THE popular dublinbikes scheme is set to have 5,000 bicycles within four years.
There are 550 bikes available at the moment across the city's 99 stations.
Now the scheme is undergoing its phase-three expansion which will take the number of bikes from its current level to 1,500 by June with 102 stations.
However, such is the popularity of the scheme that Lord Mayor Oisinn Quinn said there will be 5,000 bikes across the city and into the suburbs by 2017 at the latest.
"The ultimate objective is to bring the numbers up to 5,000 – that's the realistic estimate that we have," said Mr Quinn.
"That will be a very big scheme and it will be nearly 10 times greater than the 550 that we started at."
The Lord Mayor said the 5,000 mark is a planned initiative and that the figure was decided on as the maximum number of bikes the city's traffic plan could contend with.
Junior Transport Minister Alan Kelly said the scheme is one of the most successful in the world.
"It has raised awareness of cycling in general in Dublin and the number of cyclists has gone up by over 40pc since its introduction," he said.

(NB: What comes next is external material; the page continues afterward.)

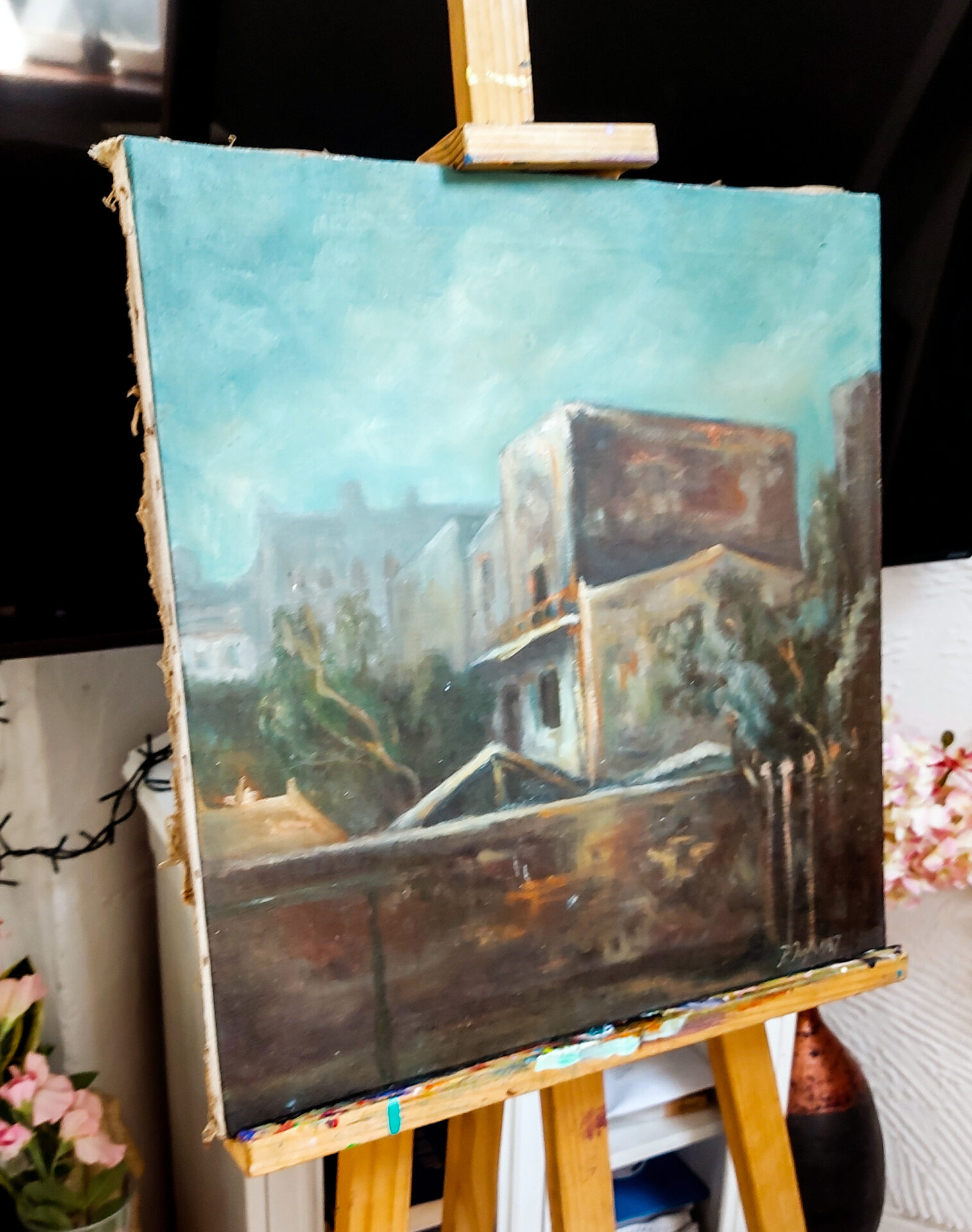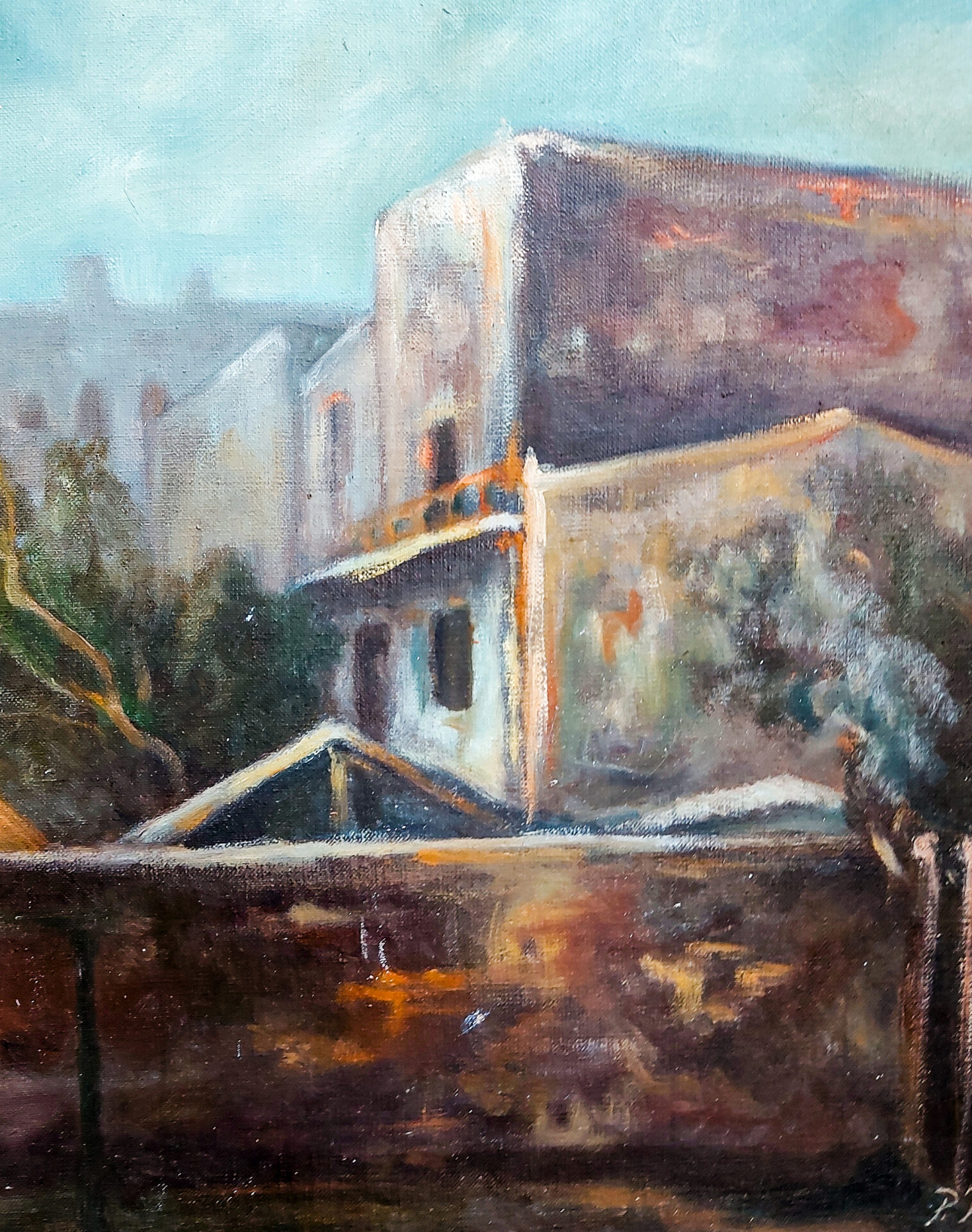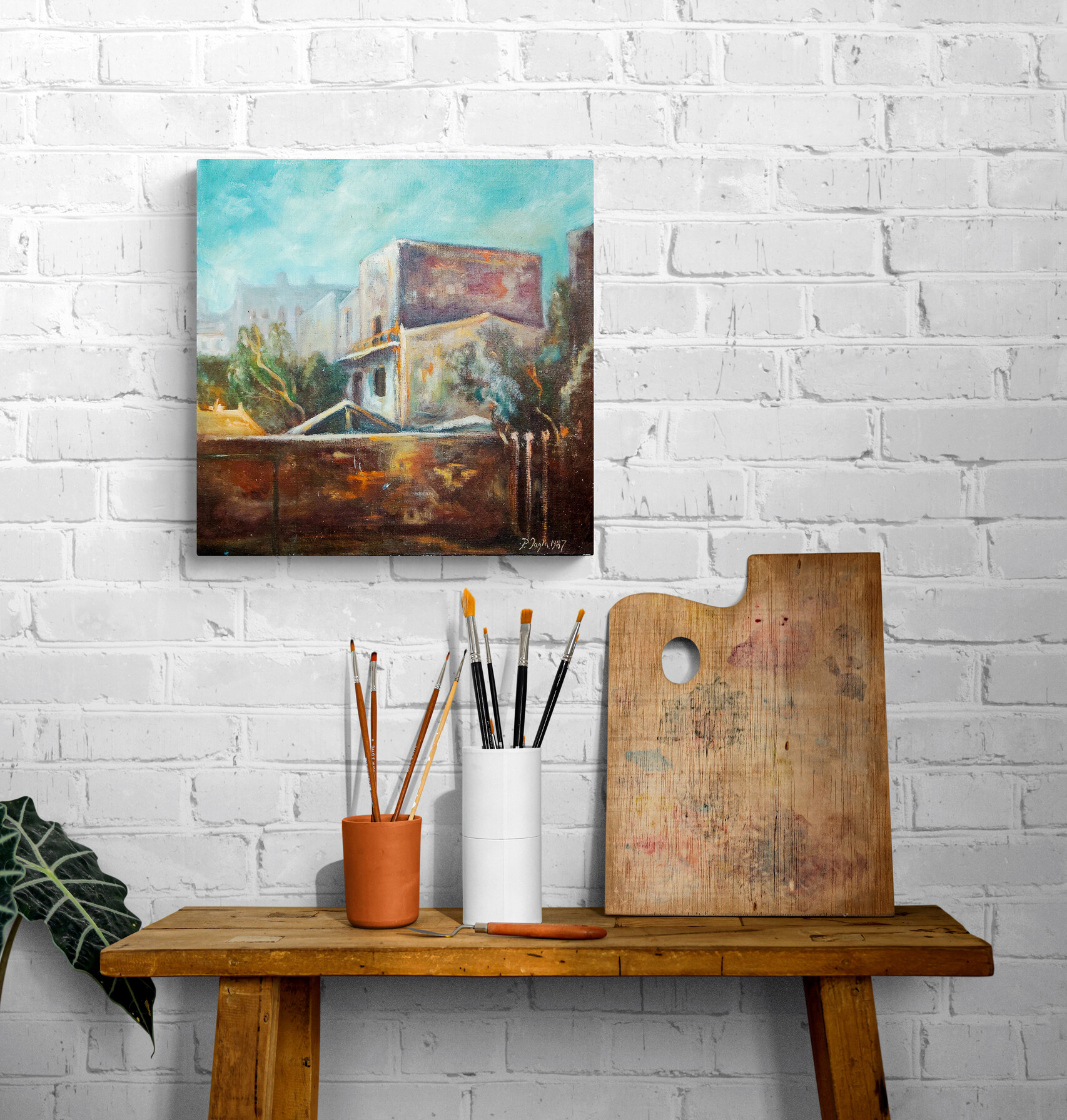 Praca na płótnie lnianym wykonana farbami olejnymi w 1987r Autorska praca Paweł Jagła werniksowana.Wymiar: szer. 44,5 cm x 47 cm wysokość.

"Motorists have even changed their behaviour and are more accommodating of cyclists, and the general visibility of cycling has come on.
"Cycling has taken off massively in this country thanks to dublinbikes and other measures.
"I expect the expansion over the next few years to be a huge success."
On March 12, dublinbikes recorded a record number of trips in one day, with 7,642 journeys being made.
Mr Quinn described the figure as "great", saying "we know the demand is there".
"I expect the record will be broken further come the summer," he added.
"With the longer evenings coming in and better weather, more people use the bikes and also with more on the road by June."
The scheme is in talks with a major sponsor to fund the next big expansion.
It is understood that negotiations are in final stages.
In New York the bike scheme is sponsored by Citi Bank and in London it is supported by Barclays Bank.
Mr Quinn is himself an avid user of dublinbikes, hiring them several times a week to get around the city.
Since launching in 2009, dublinbikes has been widely recognised as one of the most successful city cycling schemes worldwide.
To date, more than six million journeys have been made and there are more than 36,000 active long-term subscribers, with 95pc of journeys taking less than 30 minutes.
Any journey under 30 minutes is free.
The latest expansion which started last November will see stations reach as far west as Heuston Station and as far east as the Docklands.